### Exercise
To complete this task, print all the data below exactly but leave out the images.

Information supplied section start

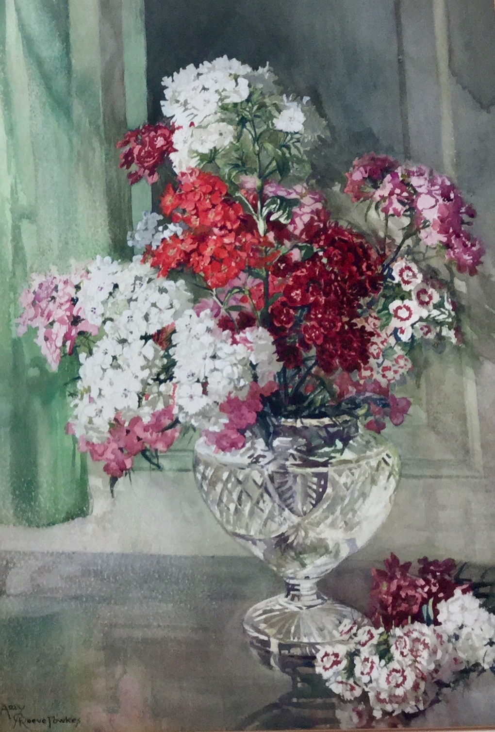 Amy Reeve Fowkes Watercolour ‘Sweet Williams in a Cut Glass Vase’
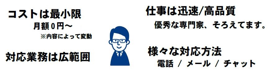 知識と経験豊富で優秀なスタッフが迅速かつ的確に貴社のお悩みにお答えします。また、上記でもお話ししましたが、対応業務の範囲は同業内随一の広範囲でカバーし、料金形態も無料でのお試しプランからじっくり対応を希望される企業向けの充実したプランまでご用意しております。
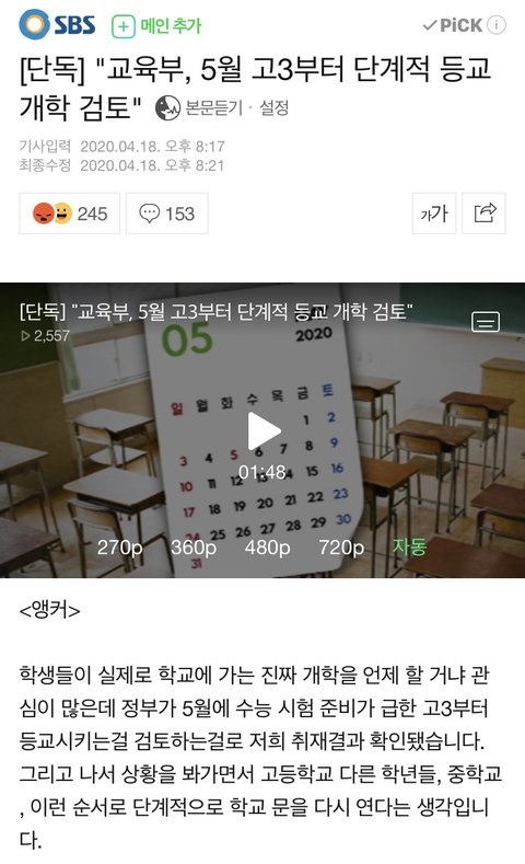 생각 조카 없네 등교개학을 언제까지 미루냐 이런 생각으로 교육부에서 등교 추진하려고 하던데 가을학기제가 답이라고... 전교생 기숙사 학교 이런 덴 어떡함 ㅋㅋ ㅠ

Information supplied section end

### Result of this exercise
 Amy Reeve Fowkes Watercolour ‘Sweet Williams in a Cut Glass Vase’
 知識と経験豊富で優秀なスタッフが迅速かつ的確に貴社のお悩みにお答えします。また、上記でもお話ししましたが、対応業務の範囲は同業内随一の広範囲でカバーし、料金形態も無料でのお試しプランからじっくり対応を希望される企業向けの充実したプランまでご用意しております。
 생각 조카 없네 등교개학을 언제까지 미루냐 이런 생각으로 교육부에서 등교 추진하려고 하던데 가을학기제가 답이라고... 전교생 기숙사 학교 이런 덴 어떡함 ㅋㅋ ㅠ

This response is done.